Video Letter Exchange:
A Screening and Conversation
AUGUST 1, 2024 – AUGUST 1, 2024
7:00 PM – 8:30 PM
ASIA ART ARCHIVE IN AMERICA
23 CRANBERRY ST. BROOKLYN, NY
CCJ is pleased do collaborate with Asia Art Archive in America to present the Video Letter Exchange made by four contemporary artists led by Philadelphia-based artist Nadia Hironaka, who organized an exchange with US and Japan-based artists Shinpei Takeda (San Diego), Hikaru Suzuki (Tokyo) and Yu Araki (Kyoto).
This program will begin with the screening (approx. 20 min) and will be followed by a conversation between artist Nadia Hironaka, Executive Director of Collaborative Cataloging Japan Ann Adachi-Tasch, and curator Yuka Yokoyama.
Video Letter Exchange: Community Of Images (2024) pays homage to an earlier film, titled Video Letter (1983), which is an exchange of letters in the form of videos that took place between artists Shuji Terayama and Shuntaro Tanikawa. The film to be screened at this program was led by Nadia Hironaka, who organized a video letter exchange between US and Japan-based artists, Shinpei Takeda (San Diego), Hikaru Suzuki (Tokyo) and Yu Araki (Kyoto).
A: Nadia Hironaka
B: Hikaru Suzuki (Tokyo)
C: Shinpei Takeda (San Diego)
D: Yu Araki (Tokyo)
Round 1
Artist A < Artist B
Artist B < Artist C
Artist C < Artist D
Artist D < Artist A
Round 2
Artist A < Artist D
Artist D < Artist C
Artist C < Artist B
Artist B < Artist A
Asia Art Archive in America (AAA in A), founded in 2009, is an independently established and operated U.S. 501(c)3 and the first overseas hub of Asia Art Archive (AAA) in Hong Kong.
AAA’s mission is to act as a catalyst for new ideas that enrich our understanding of the world through the collection, creation, and sharing of knowledge around recent art in and of Asia. By collecting, preserving, and making accessible information on contemporary art from and of Asia, AAA in A facilitates public understanding and specialized research, instigates dialogue and critical thinking, and seeks to raise awareness of and support for the activities of Asia Art Archive in Hong Kong.
https://www.aaa-a.org/
As a way to highlight the video letter exchange format that accompanied the rise of video discussed in the Community of Images exhibition, CCJ and Japan America Society of Greater Philadelphia commissioned a group of four contemporary video artists to produce today’s video letter exchange.
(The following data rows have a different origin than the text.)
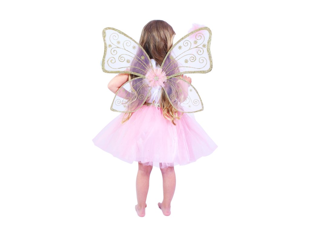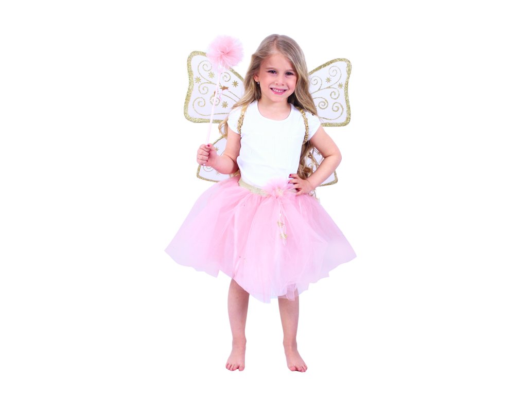 Roztomilá sukýnka TUTU a k tomu perfektně sladěná křídla! Sukénka je určena pro holčičky ve věkovém rozmezí 3-10 let (104-146 cm), obvod pasu 48-72 cm. Součástí kostýmu je růžová tylová sukně v pase zdobena květem, oslnivá křídla se zlatým potiskem a růžová hůlka! Délka sukně cca 35 cm. Nejen letos je potřeba myslet EKO-nomicky i EKO-logicky! EKO-balení je vhodné zejména pro e-shopy kde zákazník nakupuje dle fotografie a není třeba velkého balení s věšákem. EKO-logicky – na balení bylo použito méně plastu a dalších materiálů. Jedná se o malý transparentní obal s fotografií. EKO-nomicky –EKO-obal zabere jen polovinu místa – šetřete skladová místa s námi!
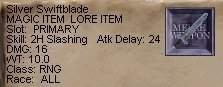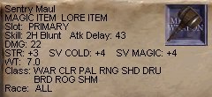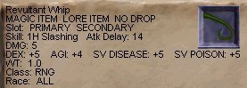 昼間の時間帯、ふらふらとSoV方面にやってきたTamy。まずはThurgadinの町にはいって、なにか面白い物が無いかと物色を始めます。Vox戦の時にしか使わないかも知れませんが、SVC+10のRangeスロットに入る短剣が売っていたりして、サーバーダウンの翌日辺りに見てまわると、なかなか楽しいですよ。
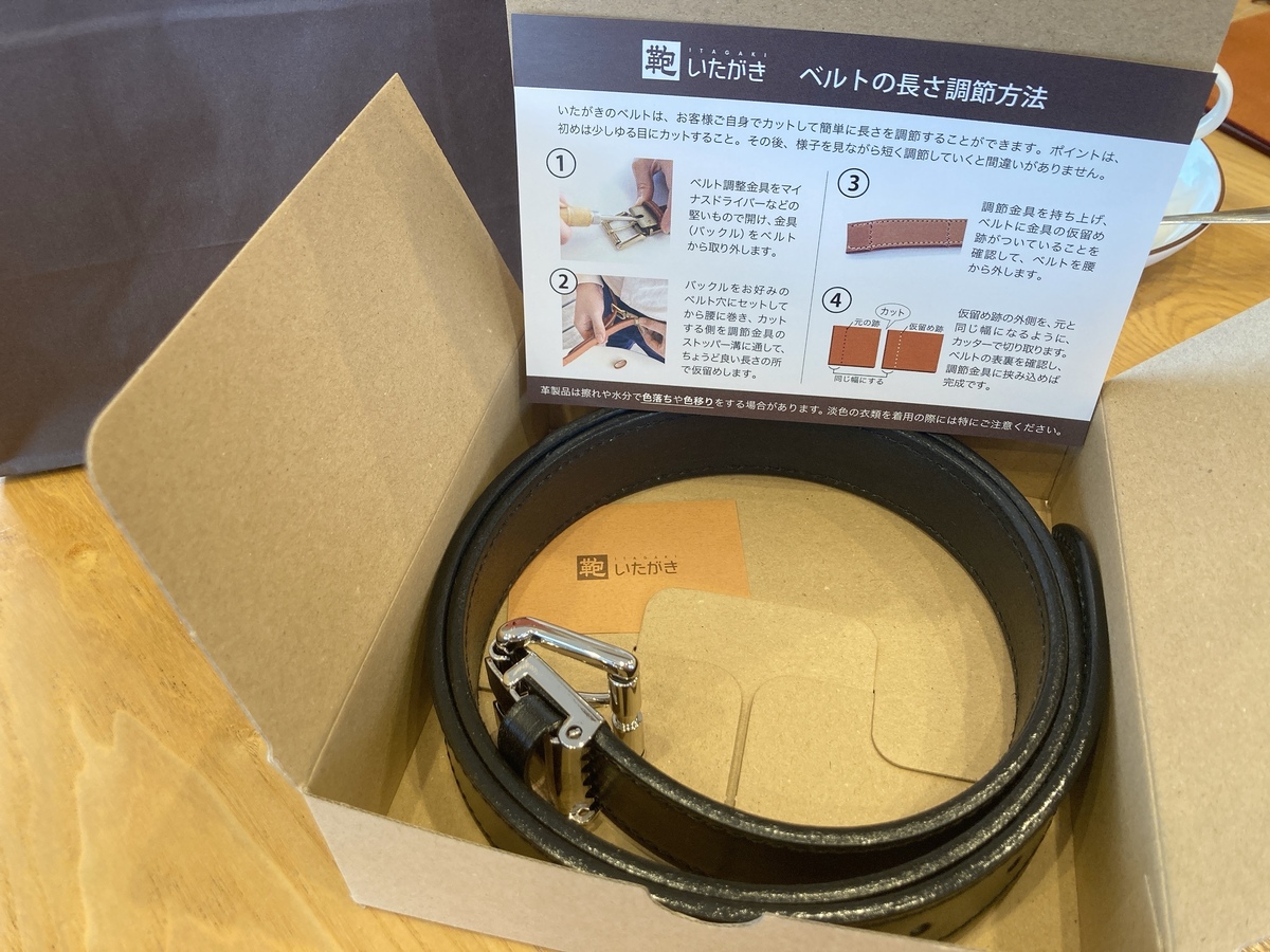 今回はベルトを購入しました。希望すれば名前の刻印サービスもしてもらえるそうで、より一層愛着が湧きそうです。ちなみに本店で現金払いにするとなんとお会計が10%オフになるとのこと!これは嬉しいサービスですね。
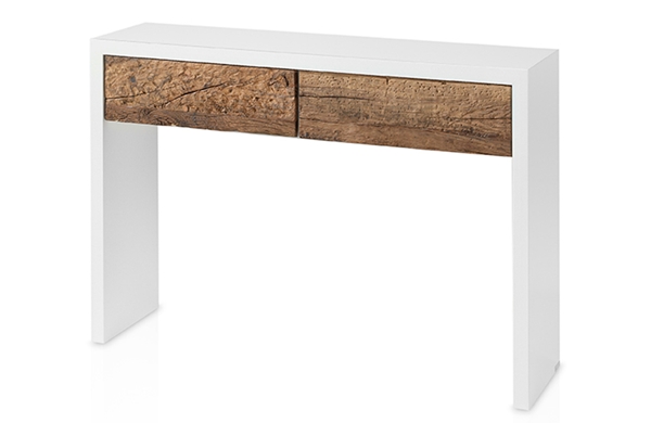 Consola fabricada en madera MDF chapada y posibilidad de pintar en todas las tonalidades de colores RAL. Los dos cajones de la consola están fabricados en madera de mobila y acabados en color Reciclado Ecológico.
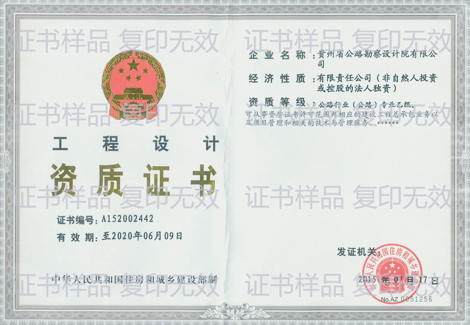 工程設(shè)計(jì)證書(編號(hào)2442)

A nod to the Video Letter (1983), a remarkable 64-minute compilation exchange of video letters that took place between video artists Shuji Terayama and Shuntaro Tanikawa, the contemporary exchange is led by Philadelphia-based artist Nadia Hironaka, who organized an exchange with US and Japan-based artists Shinpei Takeda (San Diego), Hikaru Suzuki (Tokyo) and Yu Araki (Kyoto).
Contemporary video artists’ exploration to the prompt question—what grounds you, where are you located, do you feel connected to your space, does your environment influence who you are and/or the work that you create, etc.—will present alongside Terayama (a playrwright) and Tankikawa’s (a poet) exchange of highly abstract philosophizing, slightly aberrant behavior and occasionally flamboyant visuals.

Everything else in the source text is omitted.